#### TASK REQUIREMENTS
Each record is to be copied exactly, with its pictures left behind.

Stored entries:
»»

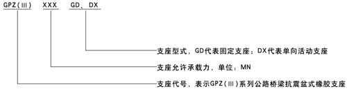 GPZ(Ⅲ)1.25GD 表示承載力1.25MN的GPZ(Ⅲ)型固定抗震盆式橡膠支座
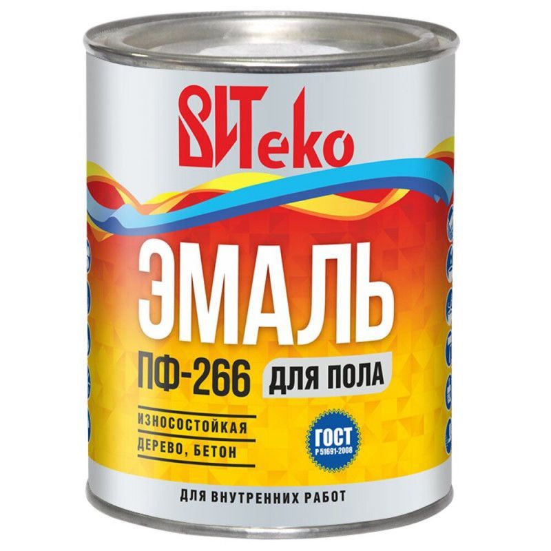 Половая краска ПФ-266 формирует плотное покрытие и устраняет недостатки поверхности за счёт высокой степени укрывистости, придавая ей блестящий вид. Также, материал характеризуется повышенной стойкостью к воздействию влаги и моющей бытовой химии, светостойкостью.
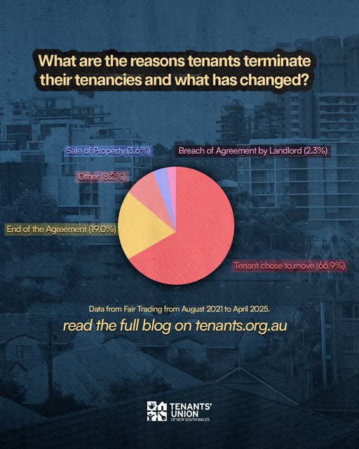 Our Data and Research Coordinator, Jack Moon, and Jennifer Lord took a deep dive into the data from the end of tenancy survey produced by the NSW Government Department of Fair Trading. We recently received an update to the survey data - now spanning from August 2021 to April 2025, allowing us to see what has changed over time. The most common reason tenants terminate their tenancy remains "choosing to move," with more than two-thirds of tenants selecting this option. While this may reflect some tenants' actual circumstances, the survey's legal framework does not permit nuanced responses. For example, a tenant who receives an excessive rent increase and feels forced to leave may still be recorded as "choosing to move". For the full deep dive and look into the data, check out the link to Jack and Jenn's blog post in the comments below. (fb)
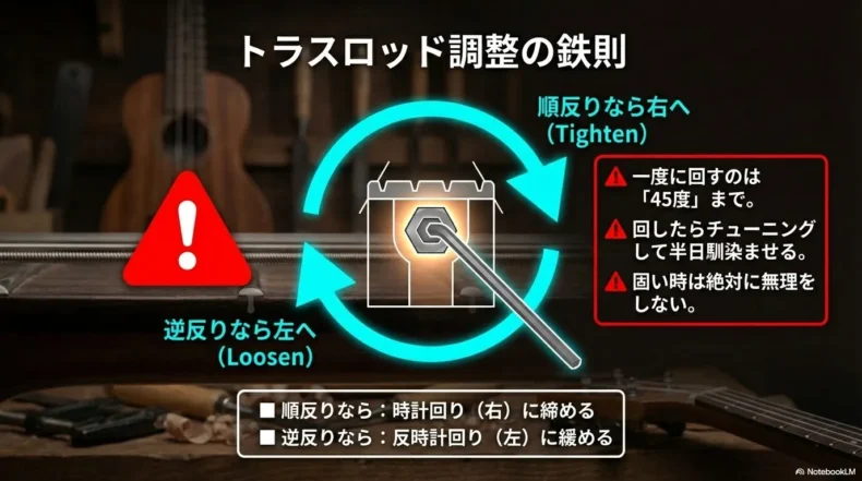 ここで一番大切なのは、一度に回すのは45度(1/8回転)程度までにするということです。一気にグイッと半回転も回すと、中の木がミシミシと割れたり(指板割れ)、ロッド自体がねじ切れたりする事故が起きます。少し回したらチューニングして確認し、半日置いて木が馴染むのを待つくらいの慎重さが必要です。
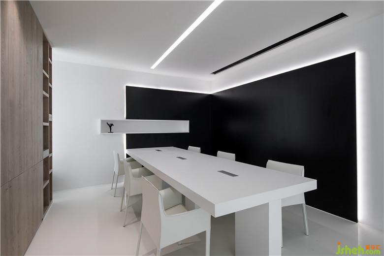員工辦公區(qū)大面積采用了白色,線型的暖光燈為空間加強了結(jié)構(gòu)性,顯得更加自由。辦公桌沿著頂部燈的走向分布,呈現(xiàn)出有秩序的美感。

««

#### RESULT
 GPZ(Ⅲ)1.25GD 表示承載力1.25MN的GPZ(Ⅲ)型固定抗震盆式橡膠支座
 Половая краска ПФ-266 формирует плотное покрытие и устраняет недостатки поверхности за счёт высокой степени укрывистости, придавая ей блестящий вид. Также, материал характеризуется повышенной стойкостью к воздействию влаги и моющей бытовой химии, светостойкостью.
 Our Data and Research Coordinator, Jack Moon, and Jennifer Lord took a deep dive into the data from the end of tenancy survey produced by the NSW Government Department of Fair Trading. We recently received an update to the survey data - now spanning from August 2021 to April 2025, allowing us to see what has changed over time. The most common reason tenants terminate their tenancy remains "choosing to move," with more than two-thirds of tenants selecting this option. While this may reflect some tenants' actual circumstances, the survey's legal framework does not permit nuanced responses. For example, a tenant who receives an excessive rent increase and feels forced to leave may still be recorded as "choosing to move". For the full deep dive and look into the data, check out the link to Jack and Jenn's blog post in the comments below. (fb)
 ここで一番大切なのは、一度に回すのは45度(1/8回転)程度までにするということです。一気にグイッと半回転も回すと、中の木がミシミシと割れたり(指板割れ)、ロッド自体がねじ切れたりする事故が起きます。少し回したらチューニングして確認し、半日置いて木が馴染むのを待つくらいの慎重さが必要です。
員工辦公區(qū)大面積采用了白色,線型的暖光燈為空間加強了結(jié)構(gòu)性,顯得更加自由。辦公桌沿著頂部燈的走向分布,呈現(xiàn)出有秩序的美感。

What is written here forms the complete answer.